MATERIAL SHOWN |
++++++++
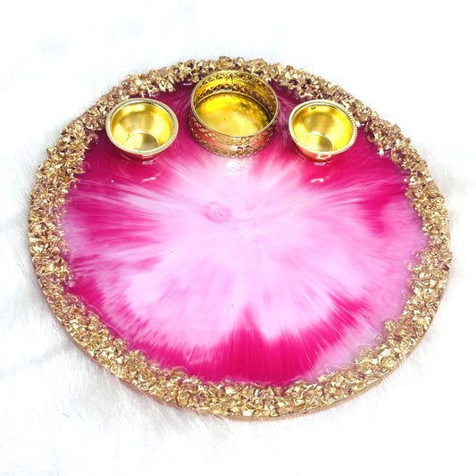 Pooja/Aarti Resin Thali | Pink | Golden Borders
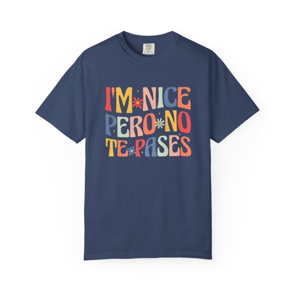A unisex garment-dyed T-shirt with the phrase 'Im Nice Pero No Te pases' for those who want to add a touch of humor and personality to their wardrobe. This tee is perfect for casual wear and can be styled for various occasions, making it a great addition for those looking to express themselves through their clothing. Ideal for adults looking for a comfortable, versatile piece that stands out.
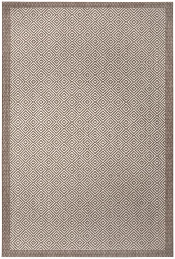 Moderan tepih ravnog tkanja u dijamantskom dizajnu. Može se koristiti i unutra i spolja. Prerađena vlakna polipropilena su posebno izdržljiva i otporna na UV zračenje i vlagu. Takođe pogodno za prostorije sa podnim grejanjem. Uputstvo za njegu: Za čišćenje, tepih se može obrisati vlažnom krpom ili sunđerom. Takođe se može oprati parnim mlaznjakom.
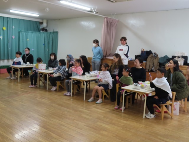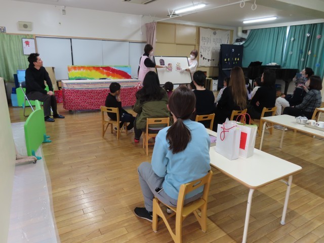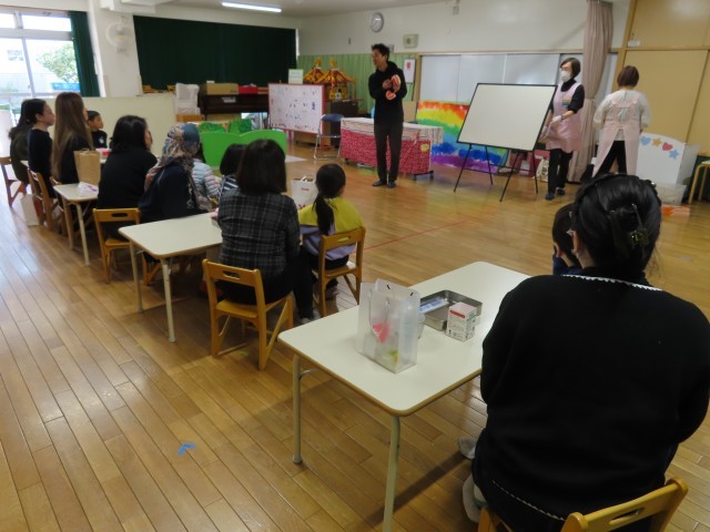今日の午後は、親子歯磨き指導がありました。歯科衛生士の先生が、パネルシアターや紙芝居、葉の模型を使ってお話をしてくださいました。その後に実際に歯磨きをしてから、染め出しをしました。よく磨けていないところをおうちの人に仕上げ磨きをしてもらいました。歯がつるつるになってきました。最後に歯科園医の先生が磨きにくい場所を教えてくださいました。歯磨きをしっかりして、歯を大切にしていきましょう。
++++++++
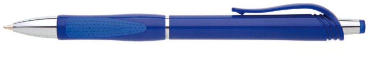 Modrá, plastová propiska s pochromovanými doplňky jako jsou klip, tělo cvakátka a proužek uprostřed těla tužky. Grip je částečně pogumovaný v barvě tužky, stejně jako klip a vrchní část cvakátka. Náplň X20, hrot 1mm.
++++++++
WORK INSTRUCTIONS |
What lines above run from the one with "Pooja/Aarti Resin Thali" to the one with "今日の午後は、親子歯磨き指導"? Give them again exactly, ends included, and leave the pictures out.

RESPONSE TO THIS EXERCISE |
 Pooja/Aarti Resin Thali | Pink | Golden Borders
A unisex garment-dyed T-shirt with the phrase 'Im Nice Pero No Te pases' for those who want to add a touch of humor and personality to their wardrobe. This tee is perfect for casual wear and can be styled for various occasions, making it a great addition for those looking to express themselves through their clothing. Ideal for adults looking for a comfortable, versatile piece that stands out.
 Moderan tepih ravnog tkanja u dijamantskom dizajnu. Može se koristiti i unutra i spolja. Prerađena vlakna polipropilena su posebno izdržljiva i otporna na UV zračenje i vlagu. Takođe pogodno za prostorije sa podnim grejanjem. Uputstvo za njegu: Za čišćenje, tepih se može obrisati vlažnom krpom ili sunđerom. Takođe se može oprati parnim mlaznjakom.
今日の午後は、親子歯磨き指導がありました。歯科衛生士の先生が、パネルシアターや紙芝居、葉の模型を使ってお話をしてくださいました。その後に実際に歯磨きをしてから、染め出しをしました。よく磨けていないところをおうちの人に仕上げ磨きをしてもらいました。歯がつるつるになってきました。最後に歯科園医の先生が磨きにくい場所を教えてくださいました。歯磨きをしっかりして、歯を大切にしていきましょう。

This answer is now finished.